Very recently, I wrote that "Outside of the voting booth, economic boycotts are one of the few but effective means we as citizens and consumers possess to register dissent," encouraging readers to cancel their subscriptions to Disney, which on September 17 pulled Jimmy Kimmel's late night comedy show off its ABC stations under pressure from Trump's FCC.
Now, within a week, Disney has reversed its decision to bow to government censorship, restoring Kimmel to the airwaves, thanks to untold numbers who voted with their pocketbooks.
Even right-wing figures like Ted Cruz and Tucker Carlson found FCC Chair Brendan Carr's threat to suspend the broadcast licenses of stations critical of the President too much to stomach. Senator Cruz called the assault on our First Amendment "dangerous as hell."
But it wasn't registered Republicans who brought Disney to its senses. Within a day of Disney CEO Bob Iger's call to pull the plug on Kimmel, the company's stock nosedived, erasing billions of dollars from Disney's value. Google searches for "cancel Disney+" skyrocketed. Hundreds of Hollywood stars including comics, writers, actors and directors signed an open letter crafted by the ACLU calling it a "dark moment for free speech" in Amerca. And so many angry consumers went online to suspend their subscriptions to Disney, Hulu and ESPN that the website kept crashing.

Of course Disney execs said it was all a misunderstanding, that Jimmy's "timing" made his remarks seem "insensitive," and that a cordial conversation resolved everything. FCC hit man Carr said he never threatened anybody. "Move along now, nothing to see here, folks." Pay no attention to that man behind the curtain!
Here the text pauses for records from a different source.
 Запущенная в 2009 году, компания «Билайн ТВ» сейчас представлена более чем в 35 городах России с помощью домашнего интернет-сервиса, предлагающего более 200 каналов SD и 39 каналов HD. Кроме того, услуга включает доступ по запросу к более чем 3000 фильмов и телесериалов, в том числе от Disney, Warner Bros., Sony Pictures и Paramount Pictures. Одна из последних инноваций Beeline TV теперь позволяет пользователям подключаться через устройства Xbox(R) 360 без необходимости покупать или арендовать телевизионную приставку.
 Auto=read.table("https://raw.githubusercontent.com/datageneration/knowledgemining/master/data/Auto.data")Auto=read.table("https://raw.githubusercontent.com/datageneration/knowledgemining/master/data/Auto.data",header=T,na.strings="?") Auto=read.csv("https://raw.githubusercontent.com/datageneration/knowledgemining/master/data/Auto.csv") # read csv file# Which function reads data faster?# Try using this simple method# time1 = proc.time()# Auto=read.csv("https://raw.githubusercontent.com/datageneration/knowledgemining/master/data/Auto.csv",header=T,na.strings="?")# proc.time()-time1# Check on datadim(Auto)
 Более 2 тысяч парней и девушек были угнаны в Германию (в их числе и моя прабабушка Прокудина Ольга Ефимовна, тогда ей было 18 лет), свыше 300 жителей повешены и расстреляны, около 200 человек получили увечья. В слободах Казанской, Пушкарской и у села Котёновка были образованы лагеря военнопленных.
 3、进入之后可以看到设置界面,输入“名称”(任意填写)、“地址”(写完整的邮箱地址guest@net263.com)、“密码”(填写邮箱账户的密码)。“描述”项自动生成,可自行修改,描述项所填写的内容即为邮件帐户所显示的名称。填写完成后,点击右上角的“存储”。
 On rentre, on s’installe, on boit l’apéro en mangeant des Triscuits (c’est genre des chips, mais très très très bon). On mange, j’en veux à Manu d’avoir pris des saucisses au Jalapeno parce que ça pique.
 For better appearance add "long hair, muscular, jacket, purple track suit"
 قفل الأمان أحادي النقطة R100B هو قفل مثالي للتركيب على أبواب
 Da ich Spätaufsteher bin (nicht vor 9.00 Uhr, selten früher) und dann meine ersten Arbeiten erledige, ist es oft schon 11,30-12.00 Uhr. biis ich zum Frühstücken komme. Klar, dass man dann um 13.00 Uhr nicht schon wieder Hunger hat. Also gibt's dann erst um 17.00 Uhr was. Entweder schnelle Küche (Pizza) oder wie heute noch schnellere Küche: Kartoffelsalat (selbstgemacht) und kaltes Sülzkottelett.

But the truth is that the America people and the Almighty Dollar had the final say. Disney miscalculated its bottom line, believing that bowing to Trump meant business as usual. Instead, their brand was tarnished, their subscriber base decimated, their revenues headed down the tubes. It turned out that people cared more than Bob Iger suspected about the U.S. Constitution.
Economic boycotts have a long history of bringing results, from the time of the American Revolution (remember the boycott on English tea?) to the boycott of segregated buses in Montgomery, Alabama, that launched the twentieth century's civil rights movement. Billionaires may own the corporations. But with our everyday decisions about where to shop and how to spend our money, We the People have far more political clout that we know.
The battle isn't over. A few ABC stations that are affiliated with Nextstar and Sinclair Broadcasting are still digging in their heels to keep Kimmel off the air.
- If you’re in a Nexstar (map/list here) or Sinclair (map/list here) TV market, call and email them to demand they resist Trump’s trampling of the First Amendment and air Jimmy Kimmel Live! Contact Nexstar here or contact Sinclair here.
Still, lovers of liberty should celebrate and let it be a lesson. Boycotts are a powerful and peaceful weapon in the arsenal of democracy. Not every win will come so quickly. The fight against autocracy promises to be a long struggle. The Montgomery boycott required nine months. The consumer boycott of South Africa needed thirty years to bring apartheid to an end. But when enough people cast a ballot with their dollars, we eventually win.
We are the super heroes we've been waiting for.